Pub Date: July 10th, 2012
ISBN: 978-0-374-17649-5
Publisher: Farrar, Straus and Giroux

Meticulously researched biography about three extraordinary but underappreciated women who, as they memorialized themselves, also “colluded in [creating their] own invisibility.”

The subjects of the book are the complicated, interconnected lives of New York intellectual Esther Murphy, playwright and celebrity admirer Mercedes de Acosta and fashion editor Madge Garland. Murphy was a brilliant, charismatic woman who dazzled everyone with her “extravagant verbal style.” Despite the minor successes she experienced with her essays and reviews, she was unable to finish any of the books she was contracted to write. Cohen (English/Wesleyan Univ.) hypothesizes that Murphy was a performer whose “need for an audience was so great that she could not isolate herself to write” the texts that would have earned her greater recognition. By contrast, de Acosta actively attached herself emotionally, and sometimes sexually, to some of the greatest performers of her time, including Isadora Duncan, Marlene Dietrich and Greta Garbo. But in the process of obsessively collecting memorabilia related to these women, she effectively erased her own life. Like de Acosta, Garland, an editor at British Vogue, also immersed herself in the world of women.
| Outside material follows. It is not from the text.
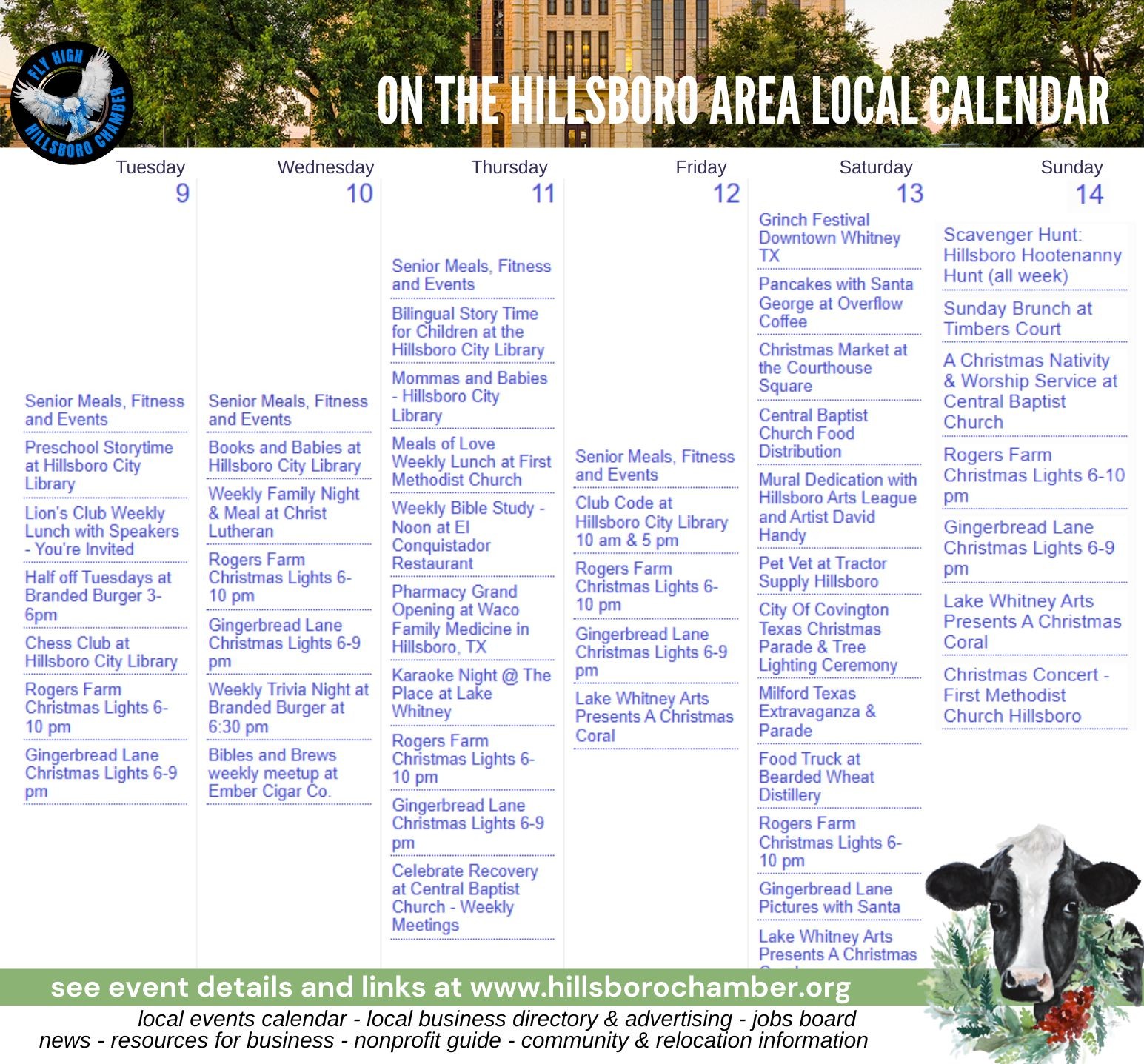 Questions about local events? Call the Hillsboro Chamber of Commerce at 254-582-2481 or email memberservices@hillsborochamber.org
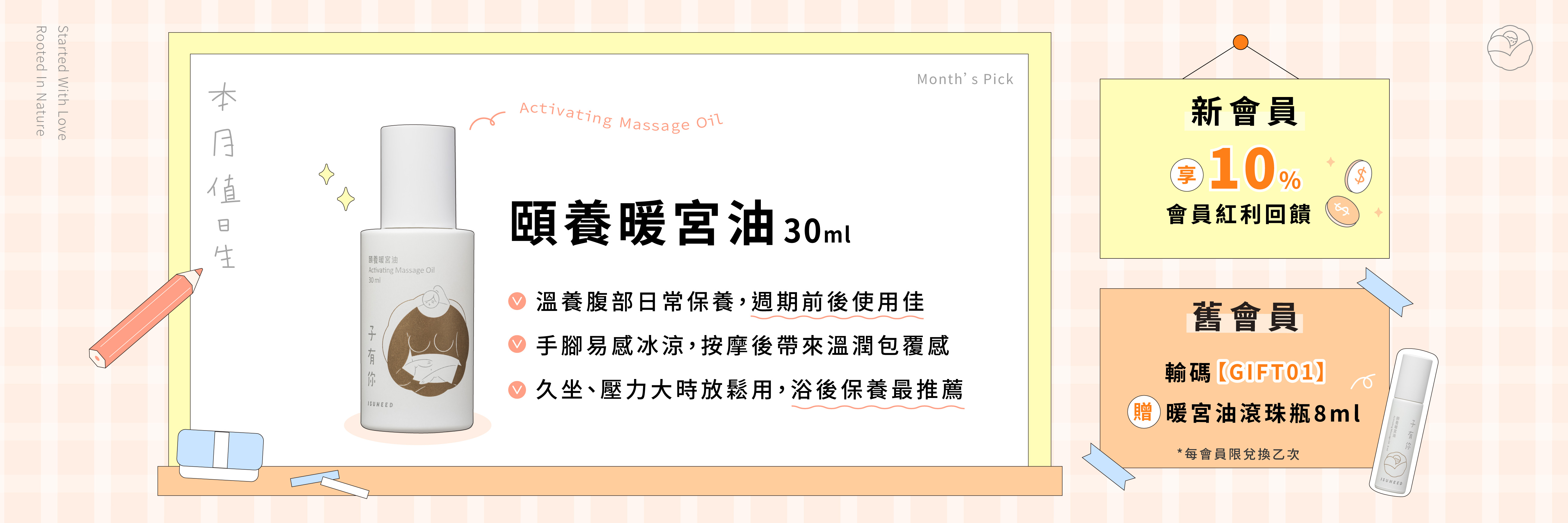 新會員:享 10% 會員紅利回饋 *  舊會員:輸碼【GIFT01】贈 頤養暖宮油 8ml 滾珠瓶 * 紅利回饋118點(即$118、可於下筆訂單全額折抵)待訂單完成後即會自動匯入會員帳戶,恕不另個...

A closeted lesbian who led a double sexual life to protect her social position, Garland “played a defining role in almost every aspect of the fashion industry in England in the interwar and postwar years.” Yet because she took interest in the ephemeral (fashion) and because she never trumpeted her achievements, she left no lasting memorial to her accomplishments. Murphy's life was an apparent monument to failure, de Acosta's to the irrational and Garland's to the trivial. As Cohen shows, however, each woman succeeded in problematizing the concept of modern celebrity.

Ambitious, erudite and only occasionally pedantic.